ちょっと不運な私を助けてくれた騎士様が溺愛してきます
夕方になりエスターが帰って来ると、シャーロット令嬢は「とても良い子でしたのよ」とシャルの話をした。

 話を聞き終えると、エスターはシャーロット令嬢を見据え柔らかな口調で言った。

「今日はありがとう。だが申し訳ないけれど、この家にはドロシーもクレアもいる。貴女にいて貰わなくてもいいんだ、馬車を用意してあるから侯爵家に戻ってくれないか」

「そんな……」
思っても見なかったエスターの言葉に、シャーロット令嬢はふらっとよろめいた。

「だいじょうぶですか?」
そんな彼女に心配そうに声を掛けたシャルを、シャーロット令嬢は抱きしめる。

「ありがとう、シャル様」

シャーロット令嬢が離れると、突然シャーロットが人形のような表情になり、話出した。

「エスターさま、シャルはいやです。シャーロットさまがいないと……さみしいのです」

シャルの言葉にエスターは驚いて彼女を見た。

「……そうなの?」
「はい……いて……ほしいです」

 本当に寂しそうな顔をしているシャーロットに言われては、エスターも無理に帰れとは言えなくなった。

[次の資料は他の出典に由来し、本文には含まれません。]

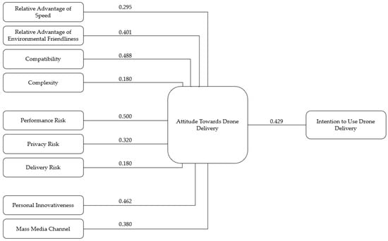 In the literature, it has been proposed and proven that attitude influences behavioral intentions, which is based on the ideas in the TAM. Consequently, behavioral intentions measure the probability of performing a certain action, such as adopting a technology [32]. Attitude refers to a person’s positive or negative evaluation of a behavior, which has a direct effect on their intention to use [51]. In the case of drones, attitude is the negative or positive evaluation of their delivery service [31]. Based on this, the following hypothesis is presented:
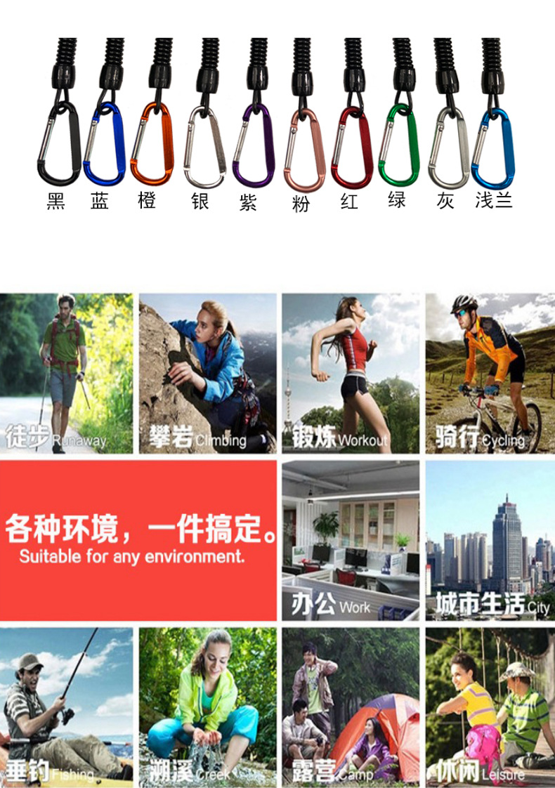 • 와이어 직경 2MM, 원 직경 7MM, 스프링 로프 총 길이 12CM+20 조리개+5#카라비너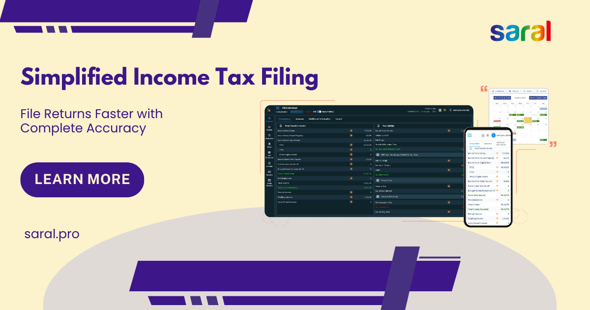 The Fastest Income Tax Filing Software for Accurate ITR E-filing! Stop worrying about making mistakes or missing deadlines during tax season! Saral’s comprehensive Income Tax Filing Software is designed to simplify every step of the ITR submission process for CAs and individual taxpayers across India. Our software handles all types of tax filings, from basic salary returns to complex corporate and trust returns, ensuring you comply with the latest tax laws. You can easily import critical data from sources like Form 16, Form 26AS, and AIS/TIS, letting the software handle complex calculations and identify potential errors before you submit. This powerful tool reduces manual work, maximizes deduction claims, and guarantees a perfect return every time. Choose Saral's reliable income tax filing software to confidently e-file your ITR and make tax compliance simple ("Saral"). Visit: https://saral.pro/income-tax-software/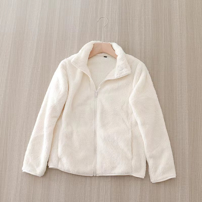 Descubre la perfecta combinación de suavidad y calidez con nuestra chaqueta de felpa de manga larga. Diseñada para ofrecerte comodidad y estilo, esta chaqueta es ideal para cualquier ocasión, ya sea para un paseo casual o para una salida con amigos.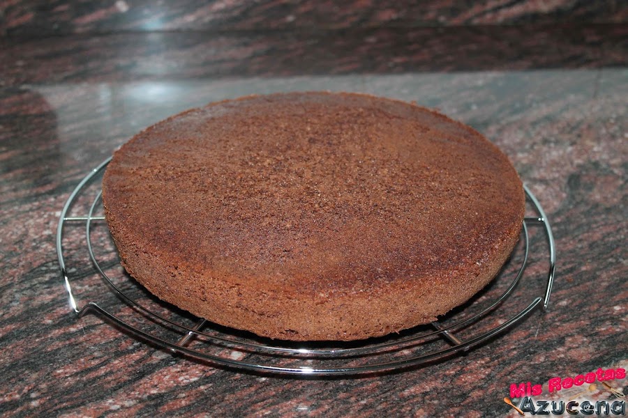 Cuando el bizcocho este tibio lo delmoldaremos y lo dejaremos enfriar sobre unas rejillas, hasta que no este bien frio no podremos continuar con la receta.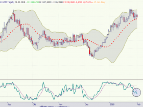 Der Momentumindikator ist unter die 50 gefallen.Das mittlere Bollingerband wird vermutlich nicht halten.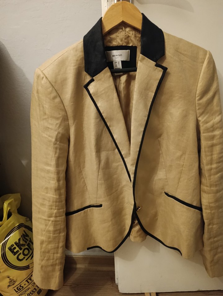 Bej keten kumaştan, düğmeli, uzun kollu kadın blazer. Siyah şerit detayları ve klasik kesimiyle ofis için uygun. M bedene daha uygun L ye dar gelir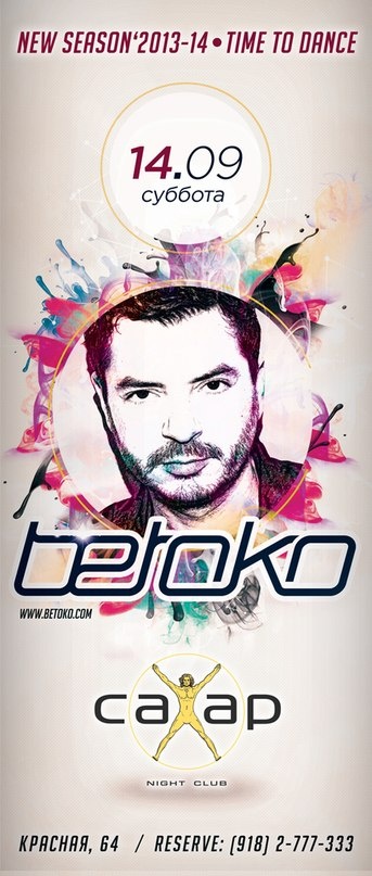 СAXAP CLUB представляет грандиозное празднование открытия четвертого танцевального сезона — самое долгожданное мероприятие для искушенных ценителей электронной музыки.Beto Cohen или Betoko родился в Мексике, в 2002 году переезжает в Лондон, с этого времени и начинается его стремительное восхождение на музыкальный олимп. Betoko начинает сотрудничать с легендой Amnesia Ibiza музыкантом Mar-T, основателем грандиозного лейбла Wow! Records, со Steve Lawler, Sven Vath, Marco Carola. Сейчас релизы Betoko используются в шоу Мадонны

 夕食はエスターとシャル、シャーロット令嬢の三人でとることになった。

 シャーロット令嬢は昼間と同じ様に、『シャーロット』の席に座ろうとする。
それに気付いたエスターは冷たい笑みを浮かべてシャーロット令嬢に告げた。

「すまないが、そこは僕の妻が座る席なんだ」

 エスターはそう言うとシャルを優しく抱き抱え椅子に座らせる。
突然エスターに抱き抱えられたシャルは、シャーロット令嬢をチラリと見て、怯えたように下を向いた。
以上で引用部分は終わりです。